I have an idea - you remember the old issue of MapFile's "index" being
corrupted, if Fetcher was interrupted. Random accesses to MapFile's
would take ages in that case. Does calculating splits involve random
access to the segment's MapFiles?
--
Best regards,
Andrzej Bialecki <><
___. ___ ___ ___ _ _ __________________________________
[__ || __|__/|__||\/| Information Retrieval, Semantic Web
___|||__|| \| || | Embedded Unix, System Integration
http://www.sigram.com Contact: info at sigram dot com
Re: Recovering from Socket closed
Posted by Doug Cutting <cu...@apache.org>.
Chris Schneider wrote:
> I was unable to even get the indexing phase started; I would get a timeout right at the beginning. I tried increasing the ipc.client.timeout from 5 minutes to 10 minutes, but that didn't help. In desperation, I increased it to 30 minutes and went to walk the dogs. As it turned out, it apparently took 14 minutes for it to "compute the splits". The job is still running (34% complete). Thus, it does seem like Doug was right about this being the problem.

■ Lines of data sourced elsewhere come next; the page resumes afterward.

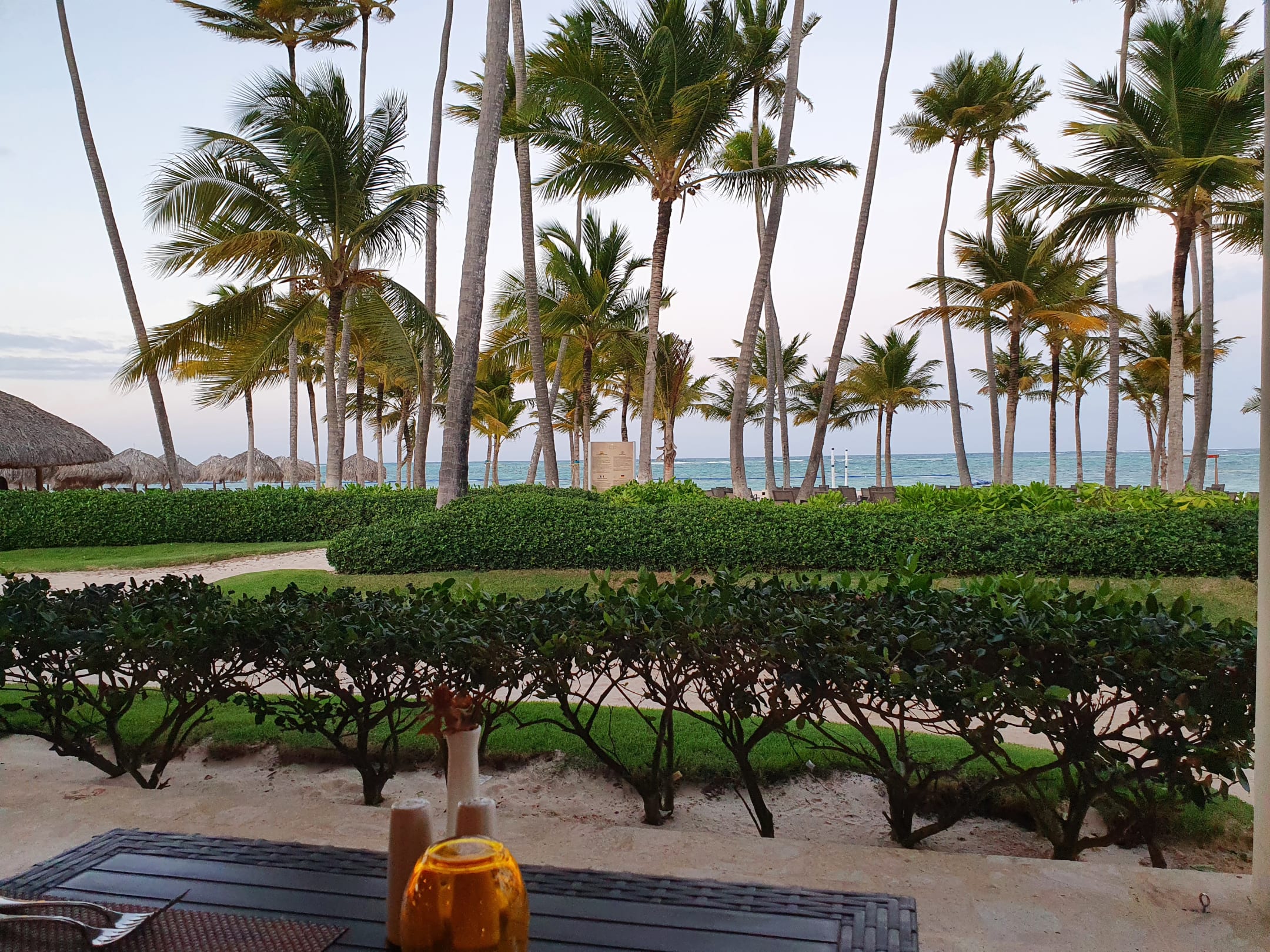 Blick von der Terrasse des Hauptrestaurants auf den Strand des Hotels
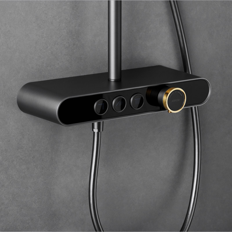 L'ensemble de mélangeur de douche de main de FLÈCHE est un ensemble contemporain de douche de salle de bains, conçu pour fournir le confort et la commodité maximum. L'ensemble inclut un système de douche avec tous les montages nécessaires, tels qu'une douche de main, un mélangeur de douche, un pommeau de douche et un tuyau de douche. Tous les composants sont faits en laiton de haute qualité, les rendant durables et fiables. Il est fabriqué en Chine et certifié avec du CE et l'ISO9001. Ce kit de système de douche est parfait pour tous vos besoins de salle de bains, et est sûr de te fournir des années de plaisir.
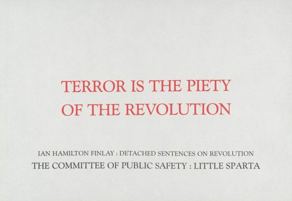 I rummet visas även den visuellt strama serien Detached Sentences on Revolution (1980), i vilken Finlay har låtit tryckt aforismer som «Terror is the piety / of the revolution» och «To be a hero / it is not enough / to write to bureaucracy twice» i röda serifer på vita sark. Verket anspelar på poeten och trädgårdsmästaren William Shenstone Unconnected Thoughts on Gardening (1764) som bland annat liknar en trädgård vid en «episk dikt».
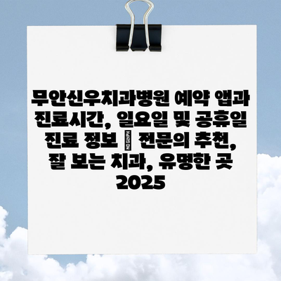 무안신우치과병원 예약 앱과 진료시간, 일요일 및 공휴일 진료 정보 | 전연락 추천, 잘 보는 치과, 유명한 곳 2025에 대해 알려제공합니다.
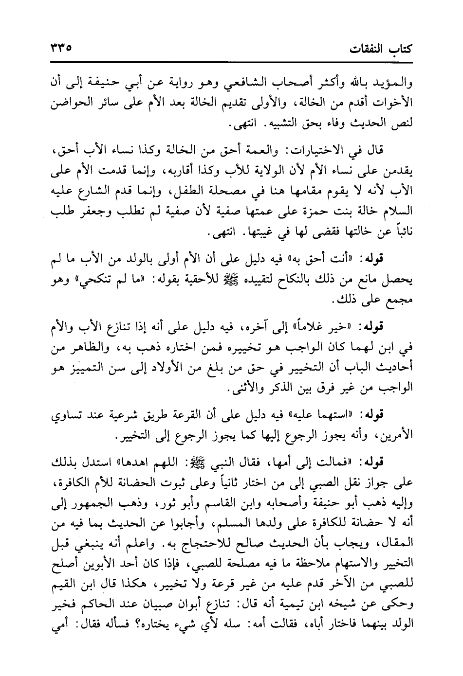 قَوْلُهُ: فَمَالَتْ إلَى أُمِّهَا فَقَالَ النَّبِيُّ - صلى الله عليه وسلم -: «اللَّهُمَّ اهْدِهَا» اُسْتُدِلَّ بِذَلِكَ عَلَى جَوَازِ نَقْلِ الصَّبِيِّ إلَى مَنْ اخْتَارَ ثَانِيًا، وَعَلَى ثُبُوتِ الْحَضَانَةِ لِلأُمِّ الْكَافِرَةِ وَإِلَيْهِ ذَهَبَ أَبُو حَنِيفَةَ وَأَصْحَابُهُ وَابْنُ الْقَاسِمِ وَأَبُو ثَوْرٍ وَذَهَبَ الْجُمْهُورُ إلَى أَنَّهُ لا حَضَانَةَ لِلْكَافِرَةِ عَلَى وَلَدِهَا الْمُسْلِمِ وَأَجَابُوا عَنْ الْحَدِيثِ بِمَا فِيهِ مِنْ الْمَقَالِ وَيُجَابُ بِأَنَّ الْحَدِيثَ صَالِحٌ لِلِاحْتِجَاجِ بِهِ وَاعْلَمْ أَنَّهُ يَنْبَغِي قَبْلَ التَّخْيِيرِ وَالِاسْتِهَامِ مُلاحَظَةُ مَا فِيهِ مَصْلَحَةٌ لِلصَّبِيِّ، فَإِذَا كَانَ أَحَدُ الأَبَوَيْنِ أَصْلَحَ لِلصَّبِيِّ مِنْ الآخَرِ قُدِّمَ عَلَيْهِ مِنْ غَيْرِ قُرْعَةٍ وَلا تَخْيِيرٍ، هَكَذَا قَالَ ابْنُ الْقَيِّمِ وَحَكَى عَنْ شَيْخِهِ ابْنِ

I have no idea why this takes so long. We should profile this operation
to figure out what's going on, because it shouldn't anywhere near that
long. It should be easy to write a simple program that constructs a
JobConf and InputFormat like those used in this job, and calls
getSplits(). Then profile this as a standalone program to see where the
time is going. Probably you don't really want to profile something that
takes 14 minutes, so perhaps profile it on a subset of the input.
Doug